_Problem to solve_. Up to and including the line that holds "Quando la destinazione di uscita è impostata sul finisher", copy every line of the records below exactly, starting at the first; leave pictures out.

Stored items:
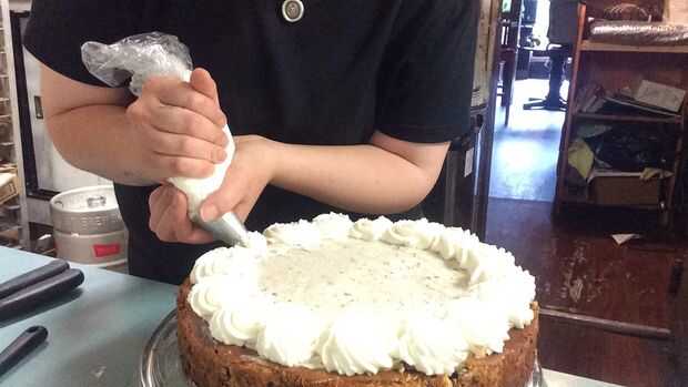 Estamos listos para algunos rosetones de crema batidos alrededor del borde de la tarta de queso. Cubre los bordes muy bien y añade un toque profesional que da la presentación.
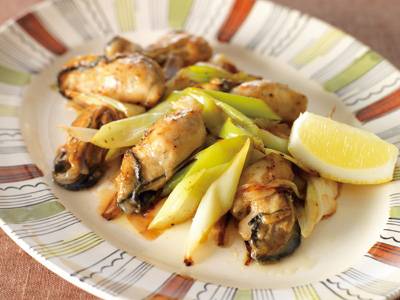 旬のかきのうまみとバターじょうゆの風味をまとったねぎが絶品!かきはサッとゆでてから焼きましょう。身が縮まずにふっくらと仕上がります。
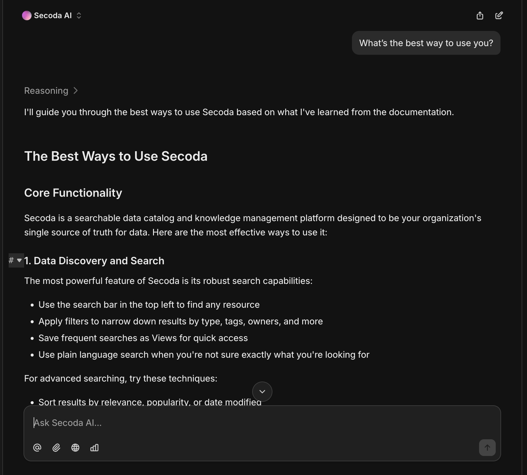 This page will review the best ways to use Secoda AI to get the most effective results.
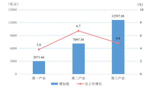 根据地区生产总值统一核算结果,2024年,全年全省地区生产总值22667.12亿元,比上年增长5.3%。其中,第一产业增加值2971.66亿元,比上年增长3.8%,占地区生产总值的比重为13.1%;第二产业增加值7097.58亿元,增长6.7%,占地区生产总值的比重为31.3%;第三产业增加值12597.88亿元,增长4.8%,占地区生产总值的比重为55.6%。全年人均地区生产总值58685元,比上年增长5.2%。
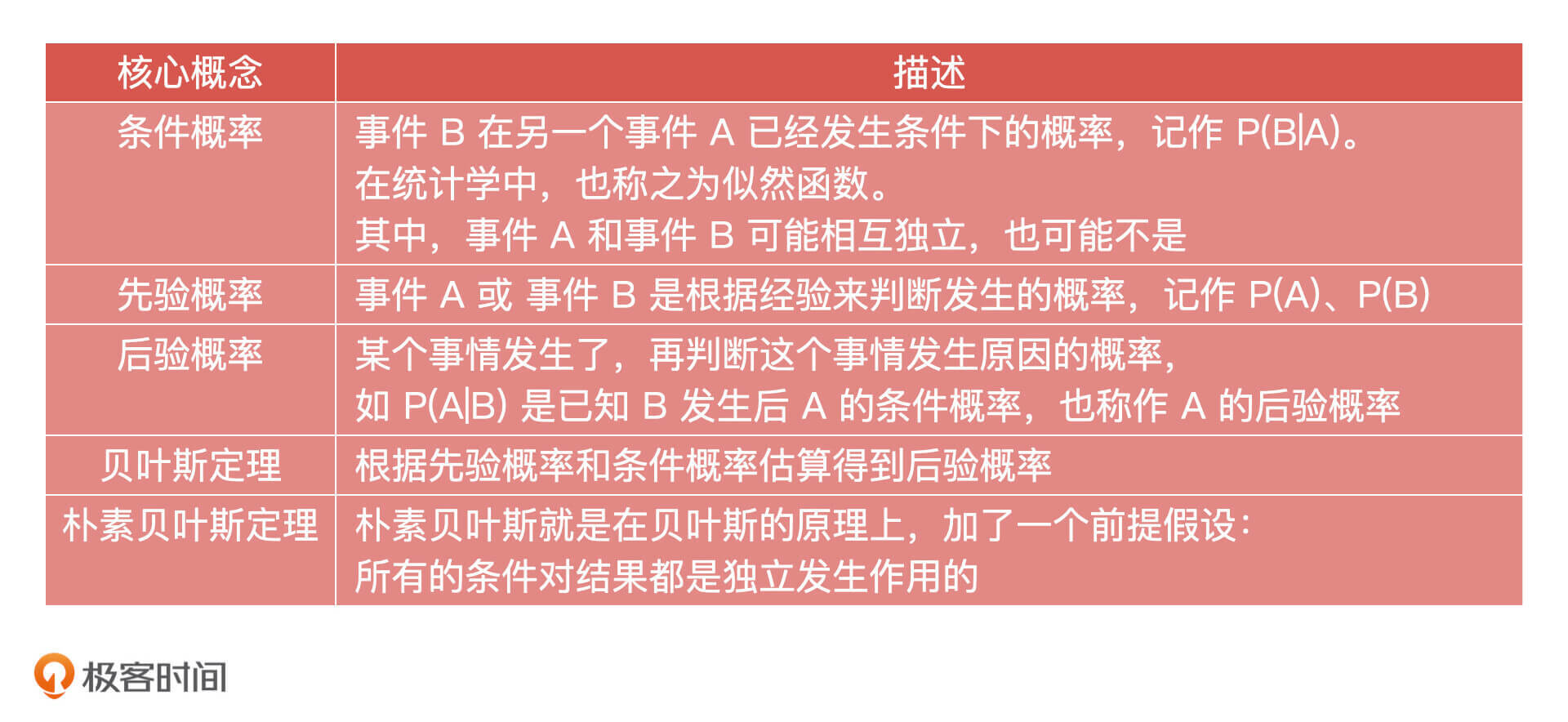 这就是贝叶斯的原理:当不知道这个事物实际情况的时候,我们可以根据一些相关的条件来判断这个事物的本质。与贝叶斯相关的基础概念有 3 个,分别是条件概率、先验概率、后验概率。
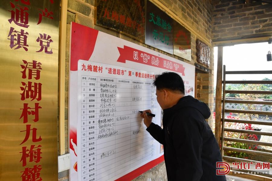 “‘道德超市’刚开业时,村里的党员、干部带头参与村中事务,并领取积分兑换生活用品,乡亲们也跟着积极参与,村里的风气大变样。”九梅麓村党支部书记劳春艳介绍,如今全村58户村民都参与了积分兑换生活用品,累计兑换积分2万多分。
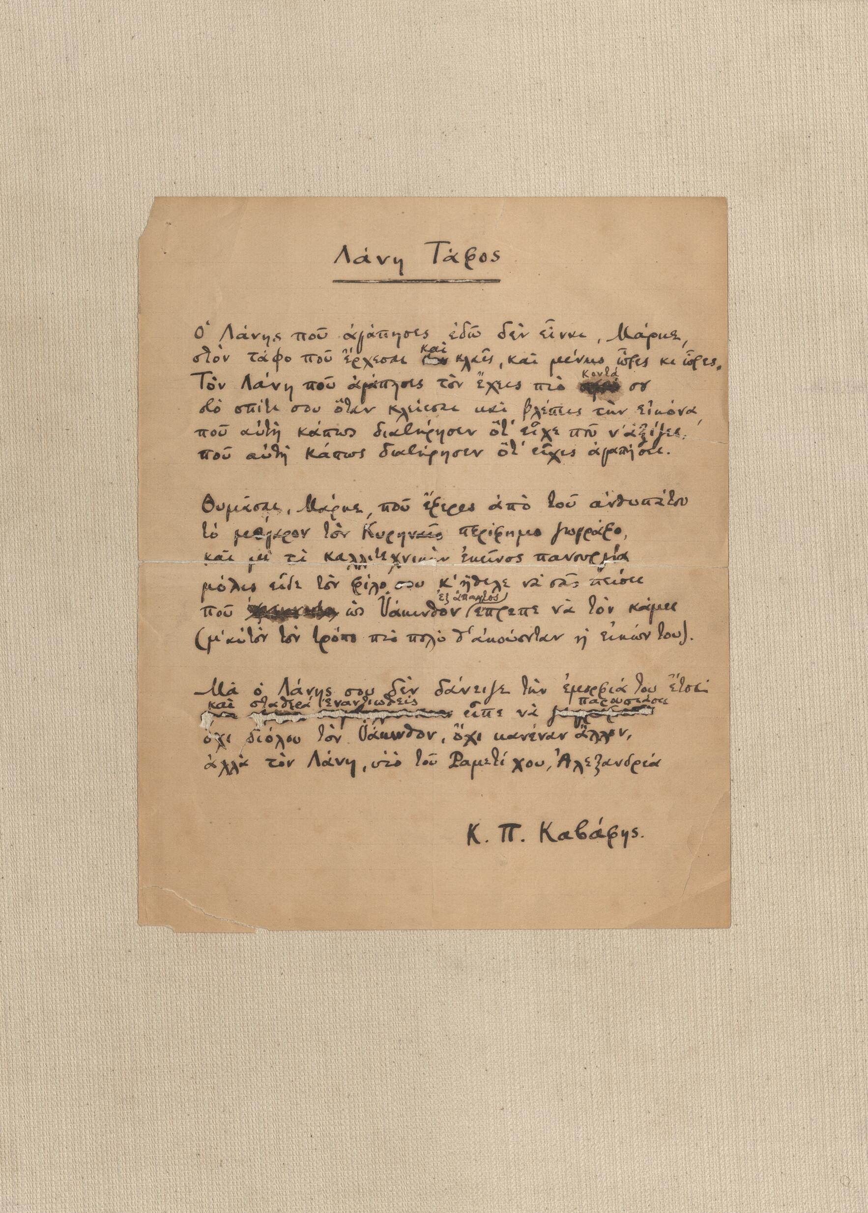 Handwritten note of the poem “Tomb of Lanes” with corrections and erasures in the body of the poem. Cavafy’s handwritten signature after the poem.
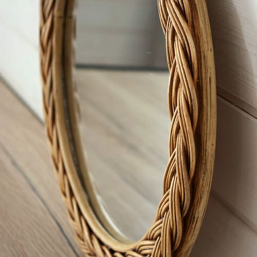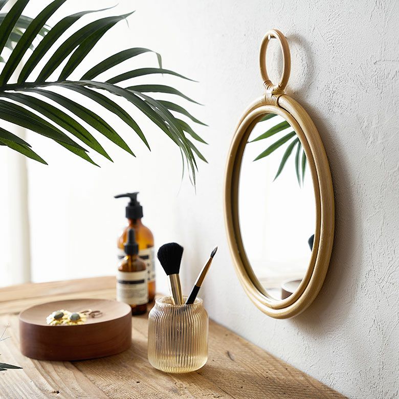 掛け鏡 楕円形 コスメミラー 籐 アンティーク風 壁掛けミラー 丸 オーバル型 編み込み柄 ラタン Lサイズ 直径34cm [91327]【 ミラー 鏡 ウォールミラー インテリアミラー 天然素材 壁掛け 吊り下げ アンティーク調 化粧鏡 おしゃれ メイクアップミラー シンプル アジアン雑貨 アジアン 雑貨 リゾート 】
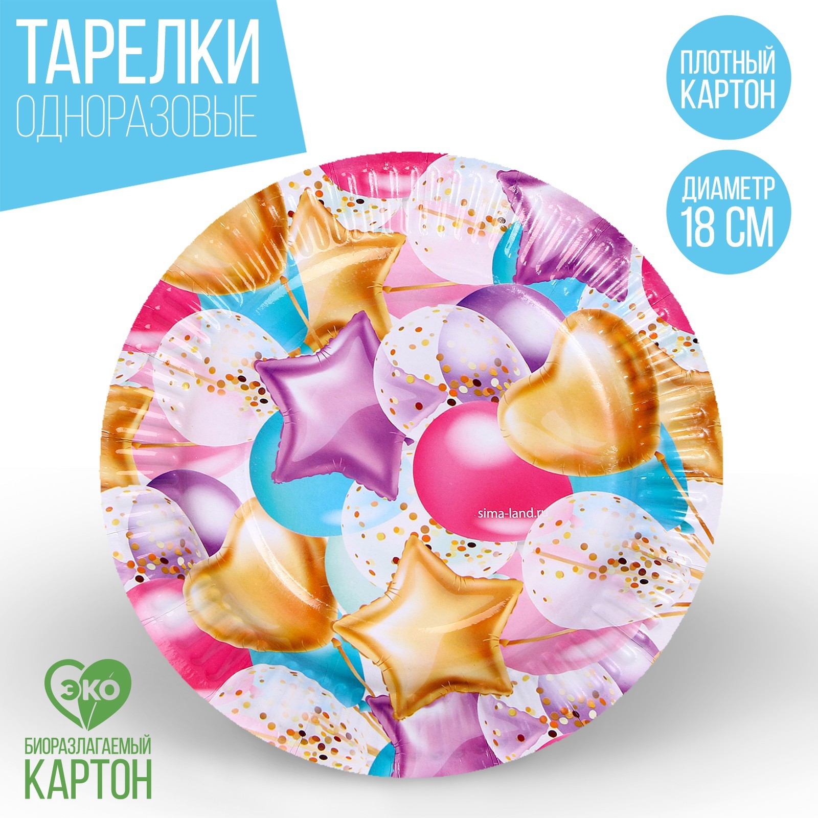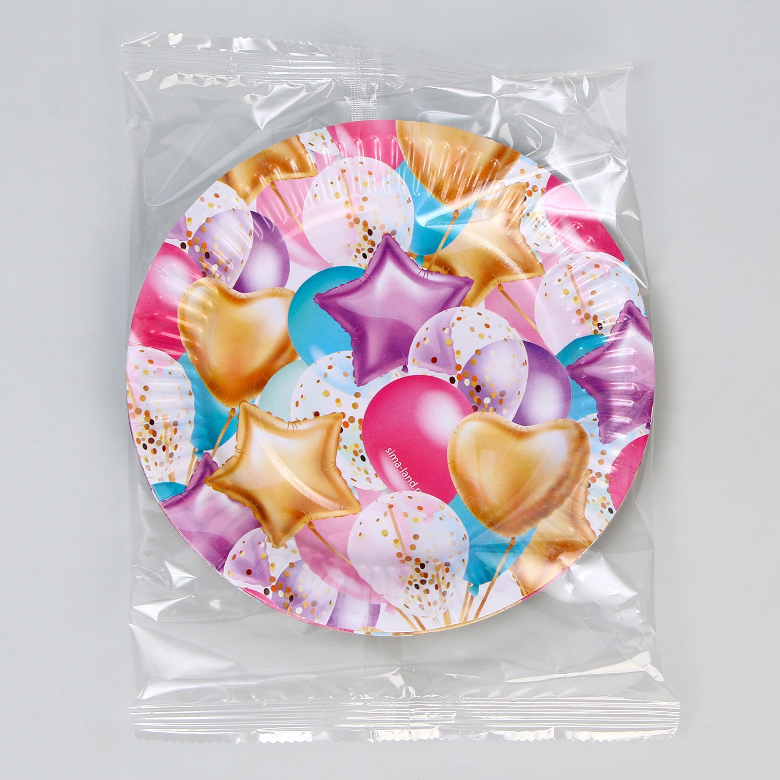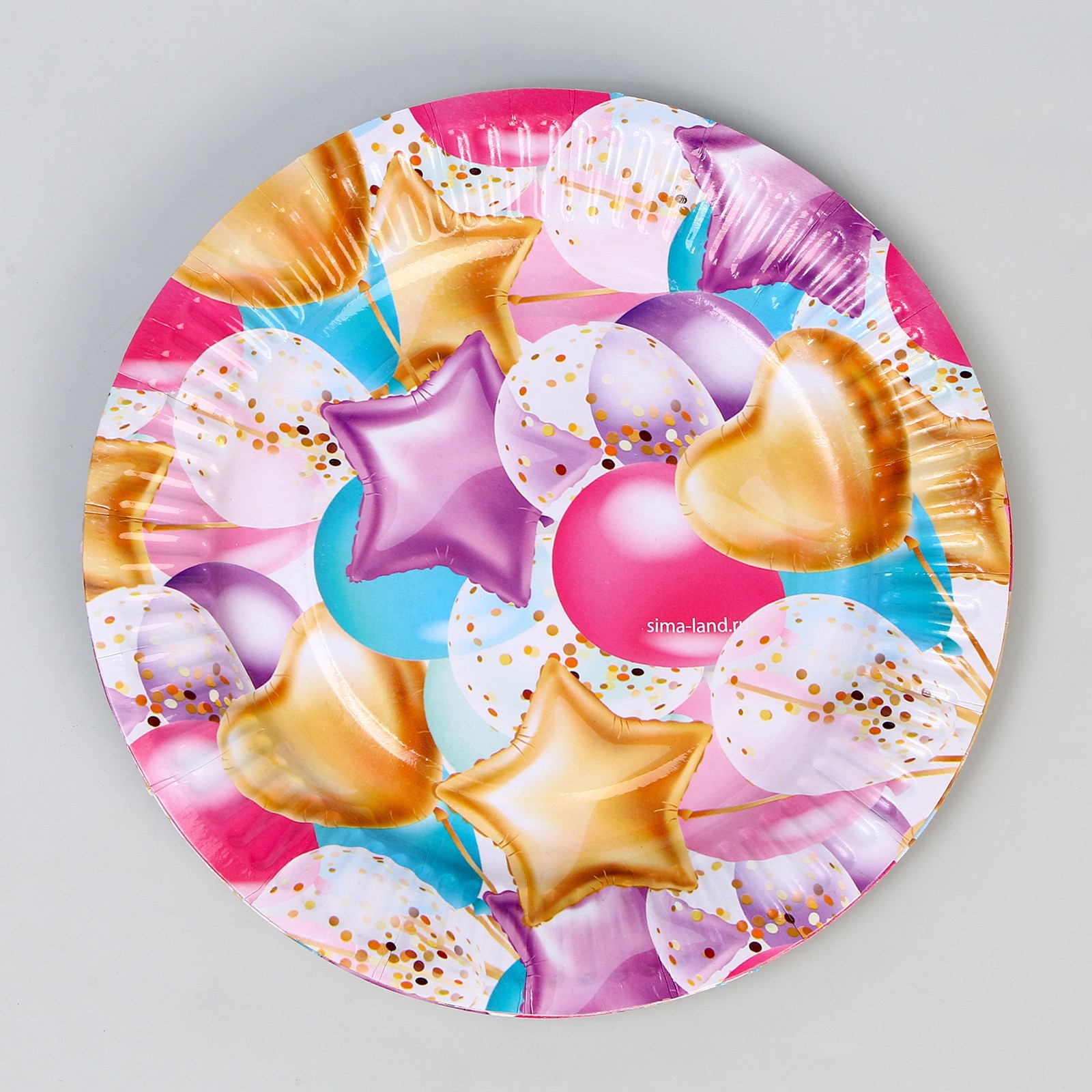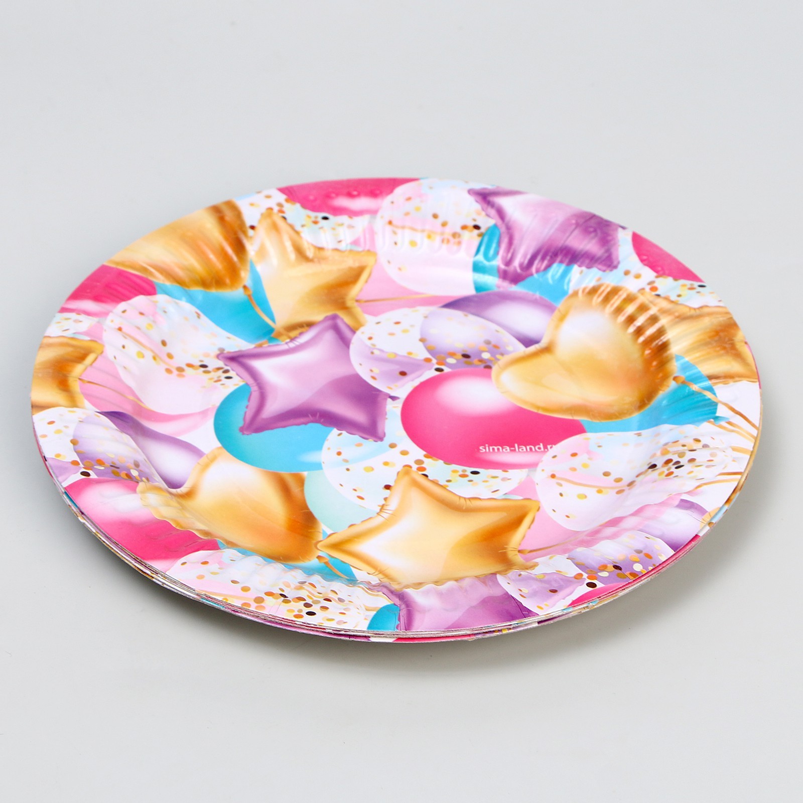 Тарелка одноразовая бумажная "шары", (18 см) , набор 6 шт
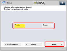 Quando la destinazione di uscita è impostata sul finisher | Quando la destinazione di uscita è impostata sull'area di impilatura dello stacker |
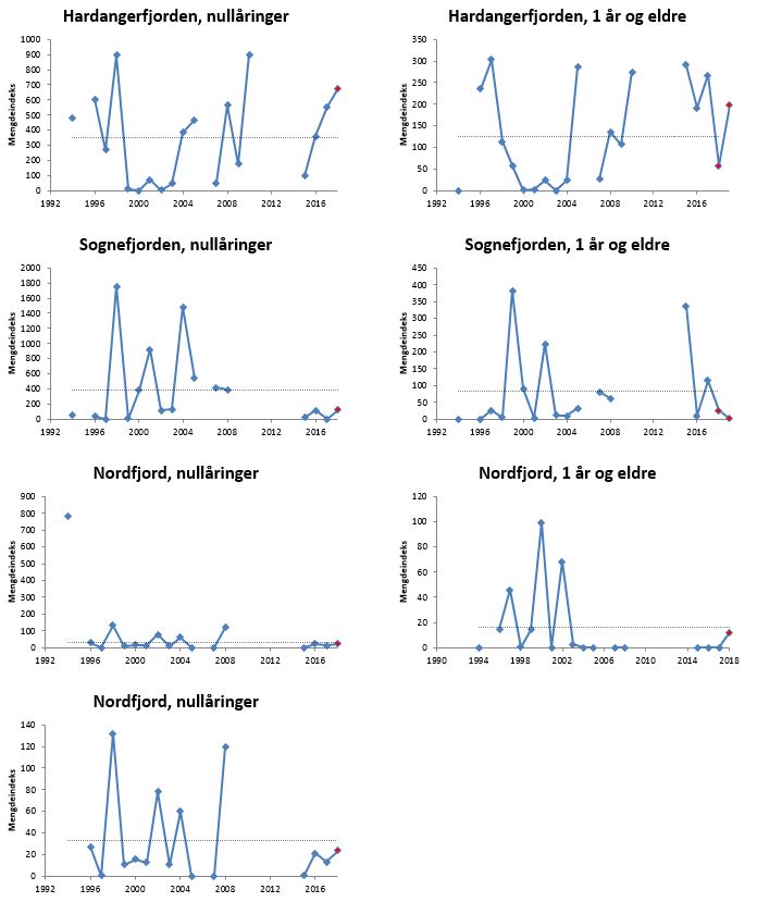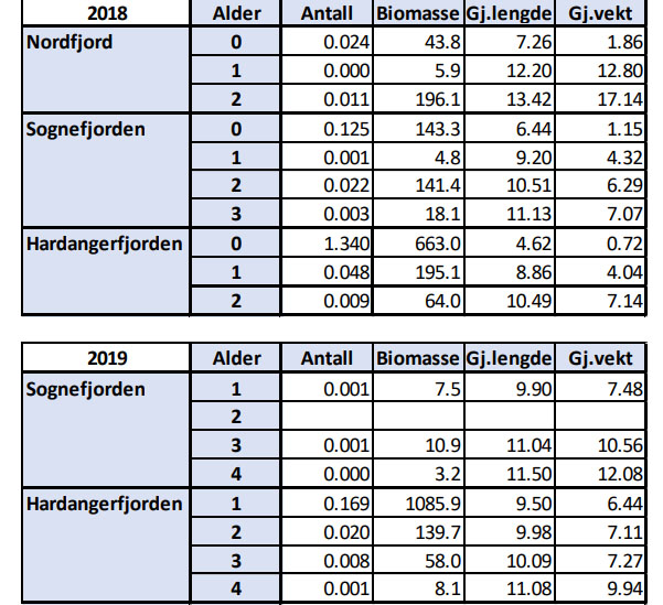 Toktindeksene er vist per fjord i Figur 2. For 2018- og 2019-indeksene, vises aldersfordelingen i Tabell 2. Når 2018-2019 indeksene sammenlignes med resten av tidsserien, ser vi at det er svært lite å se i Sognefjorden. I Nordfjord er det litt under middels forekomster av både 0 år og ett år og eldre brisling (2018-indeksene). Dette er første år på lenge at det er både rekrutter og eldre fisk i Nordfjord, så her vil det være viktig å ikke ta ut for mye i 2019-fisket. I Hardangerfjorden er 2018-indeksen over gjennomsnittet for nullåringer, noe som gjenspeiles i en 2019-indeks over gjennomsnittet for eldre brisling (men husk at denne indeksen er fra før og ikke etter fisket, som resten av tidsserien) der 1 år gammel brisling utgjør 86%. Nesten 40% av 1-åringene var minst 10 cm allerede i juni-juli. 1-åringene var minst i de indre delene av Hardangerfjorden, spesielt innenfor Kvanndal-Utne.Toktindeksene tyder på at det er grunnlag for å åpne for et fiskeri i både Hardangerfjorden og Nordfjord, men

_Response box_.
 Estamos listos para algunos rosetones de crema batidos alrededor del borde de la tarta de queso. Cubre los bordes muy bien y añade un toque profesional que da la presentación.
 旬のかきのうまみとバターじょうゆの風味をまとったねぎが絶品!かきはサッとゆでてから焼きましょう。身が縮まずにふっくらと仕上がります。
 This page will review the best ways to use Secoda AI to get the most effective results.
 根据地区生产总值统一核算结果,2024年,全年全省地区生产总值22667.12亿元,比上年增长5.3%。其中,第一产业增加值2971.66亿元,比上年增长3.8%,占地区生产总值的比重为13.1%;第二产业增加值7097.58亿元,增长6.7%,占地区生产总值的比重为31.3%;第三产业增加值12597.88亿元,增长4.8%,占地区生产总值的比重为55.6%。全年人均地区生产总值58685元,比上年增长5.2%。
 这就是贝叶斯的原理:当不知道这个事物实际情况的时候,我们可以根据一些相关的条件来判断这个事物的本质。与贝叶斯相关的基础概念有 3 个,分别是条件概率、先验概率、后验概率。
 “‘道德超市’刚开业时,村里的党员、干部带头参与村中事务,并领取积分兑换生活用品,乡亲们也跟着积极参与,村里的风气大变样。”九梅麓村党支部书记劳春艳介绍,如今全村58户村民都参与了积分兑换生活用品,累计兑换积分2万多分。
 Handwritten note of the poem “Tomb of Lanes” with corrections and erasures in the body of the poem. Cavafy’s handwritten signature after the poem.
 掛け鏡 楕円形 コスメミラー 籐 アンティーク風 壁掛けミラー 丸 オーバル型 編み込み柄 ラタン Lサイズ 直径34cm [91327]【 ミラー 鏡 ウォールミラー インテリアミラー 天然素材 壁掛け 吊り下げ アンティーク調 化粧鏡 おしゃれ メイクアップミラー シンプル アジアン雑貨 アジアン 雑貨 リゾート 】
 Тарелка одноразовая бумажная "шары", (18 см) , набор 6 шт
 Quando la destinazione di uscita è impostata sul finisher | Quando la destinazione di uscita è impostata sull'area di impilatura dello stacker |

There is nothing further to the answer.